March 25, 2011: 6:30 AM ET

Driven by China, a low-cost iPhone, the expanding tablet market and possibly a smart TV

Click to enlarge. Source: Morgan Stanley

Morgan Stanley's Katy Huberty, whose Apple (AAPL) forecasts have turned increasingly bullish in the past year (see Morgan Stanley drinks the Apple Kool-Aid), issued a report Friday even more optimistic than the glowing note she published last November.

In her "bull case" scenario, Apple ships 87 million iPhones and 65 million iPads in calendar 2011, driving its stock to $540 a share by November 2011. By 2013, she has Apple shipping 178 million iPhones and 120 million iPads.

"We believe Apple offers the most attractive valuation in our large cap tech coverage, with potential for 34% revenue and 41% EPS [compound annual growth] through 2013," she writes. "In our view, the market is far too near-term focused and the current valuation – 15x CY2011 P/E – suggests that the market questions the company's long-term growth potential.
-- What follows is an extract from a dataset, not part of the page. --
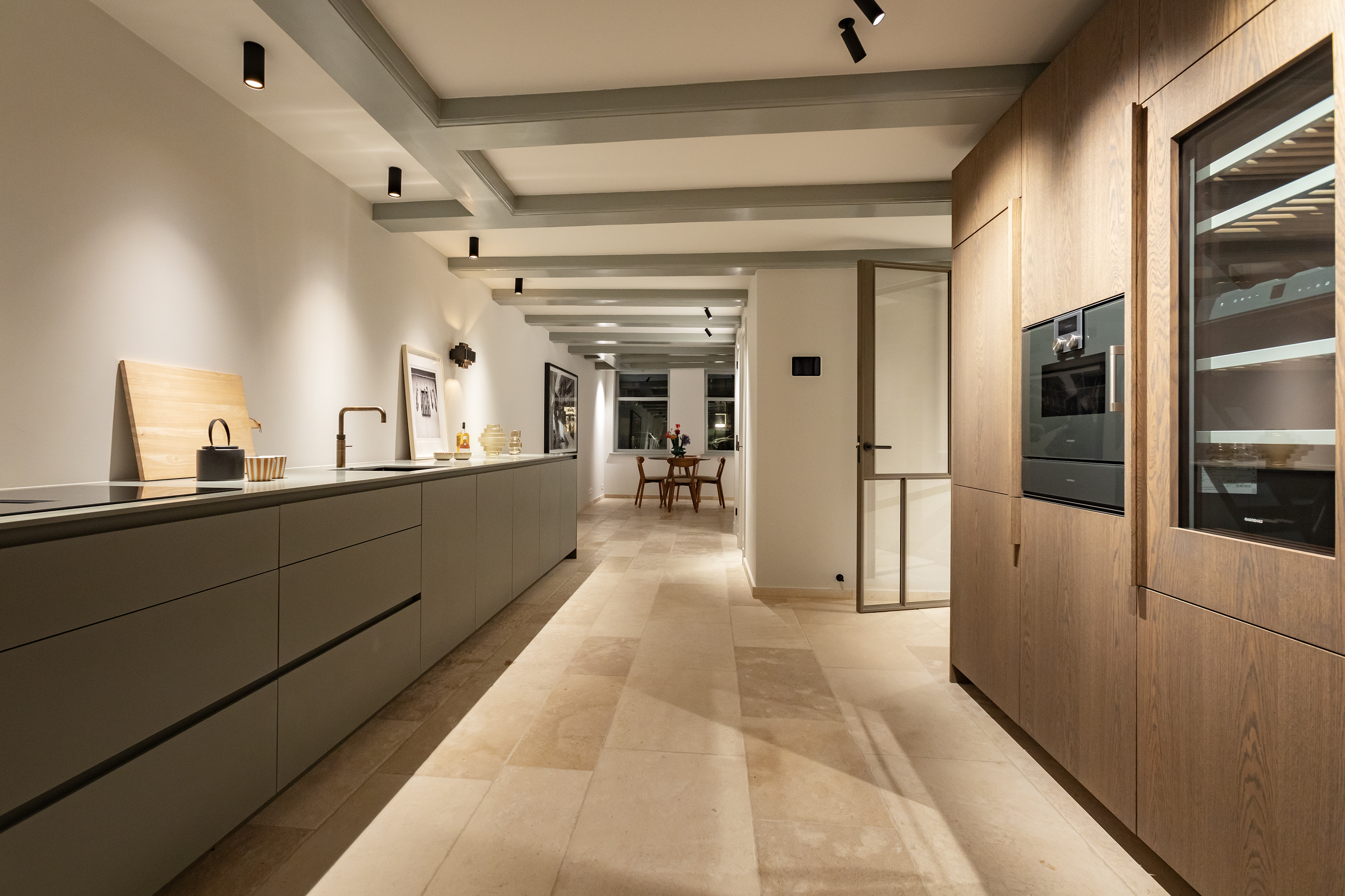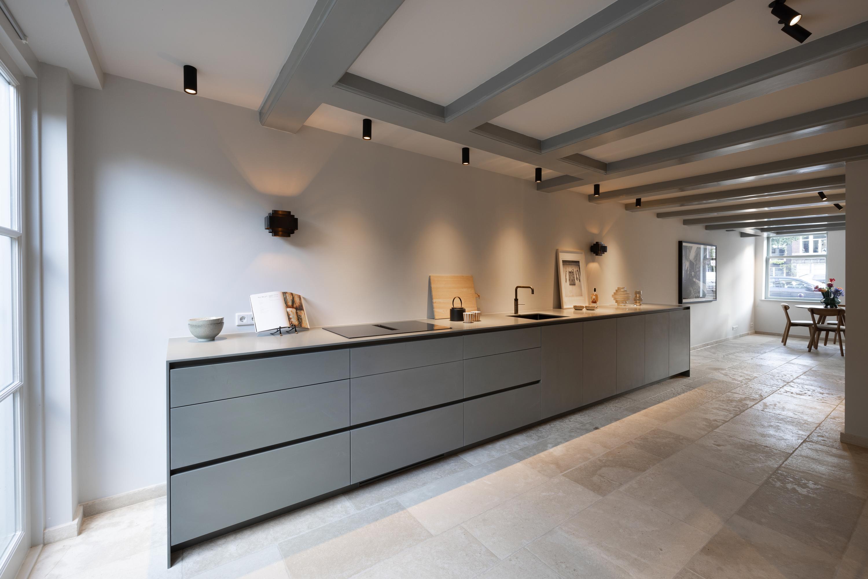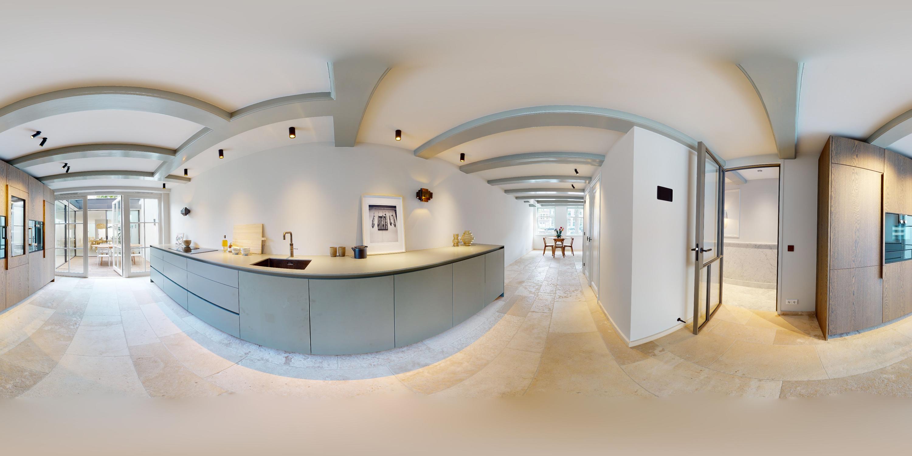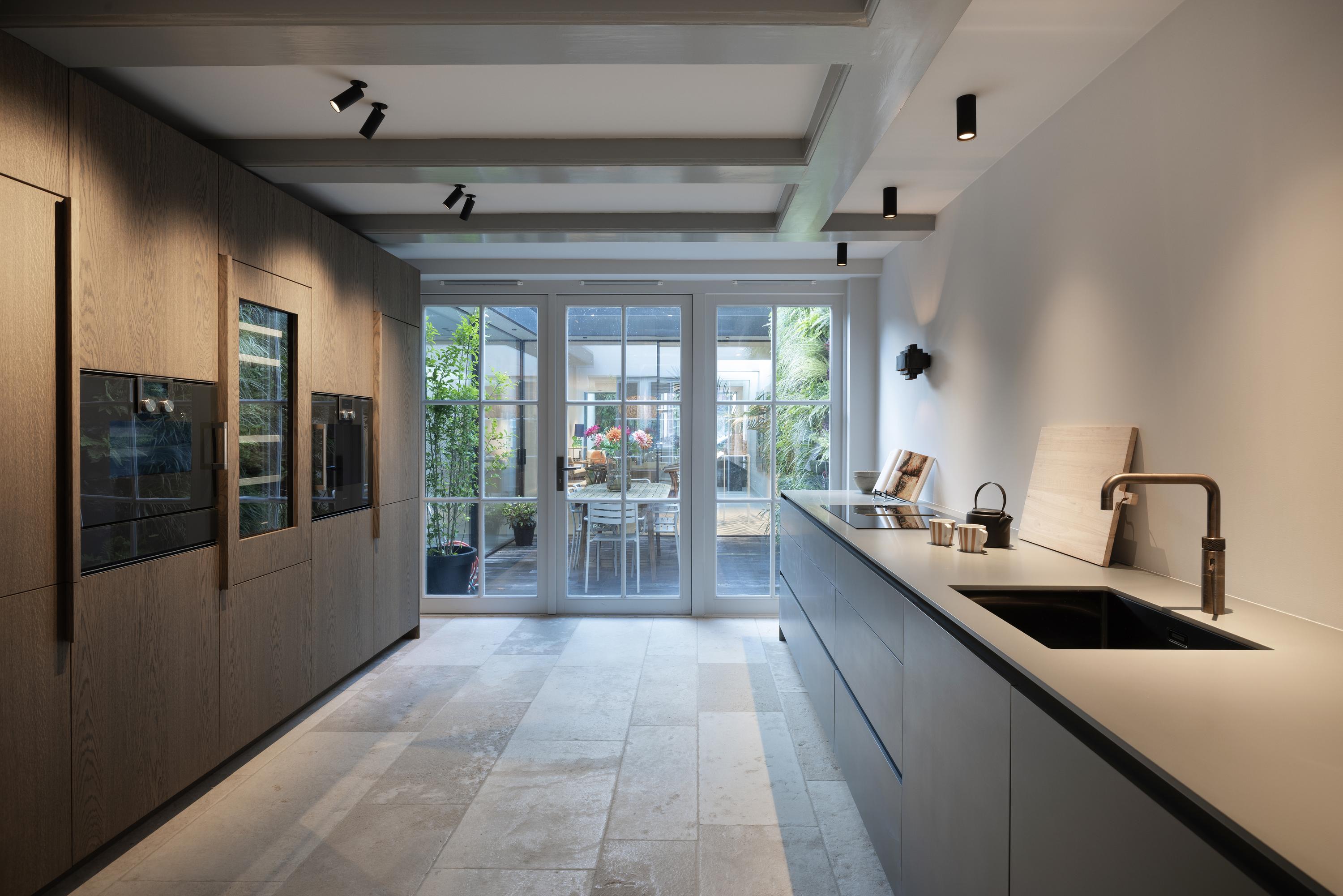 Middels prachtige stalen deuren met veel glas heeft u toegang tot de woonkeuken. Aan de voorzijde, het eetkamer gedeelte met uitzicht over de gracht middels grote raampartijen. De luxe afgewerkte keuken beschikt over alle denkbare Gaggenau inbouwapparatuur zoals een dubbele koelkast en vriezer, vaatwasser, wijnklimaatkast, (stoom)oven, warmhoud lade, spoelbak met Quooker kraan en inductiekookplaat met ingebouwd afzuigsysteem. Een ruime patio voorziet deze ruimte van bijzonder veel licht en deze patio is te bereiken vanuit zowel de keuken als de woonkamer.

We disagree."

In Huberty's view, the traders who are keeping Apple's stock down -- it closed Thursday at $344.97 -- are missing four potential catalysts for growth:

  • Expanding distribution in China
  • Lower-priced iPhones in 2012
  • Ever greater tablet market, with continued Apple dominance
  • A new Smart TV product category in 2012-13

In Huberty's "base case," in which Apple sells only 72 million iPhones and 30 million iPads in 2011, the stock still hits $410 by November. In her "bear case," lower margins and growing concern about Steve Jobs' health drive the stock down to $270.

Huberty's three-scenario approach gives her a lot of flexibility, but tends to make her look bad at the end of each quarter when Apple blows past her base case numbers. In a comparison published in January of how much better or worse analysts were doing at predicting Apple's earnings over the past two quarters, Huberty came in dead last, with an error reduction of -32.7%.

Also on Fortune.com:

[Follow Philip Elmer-DeWitt on Twitter @philiped]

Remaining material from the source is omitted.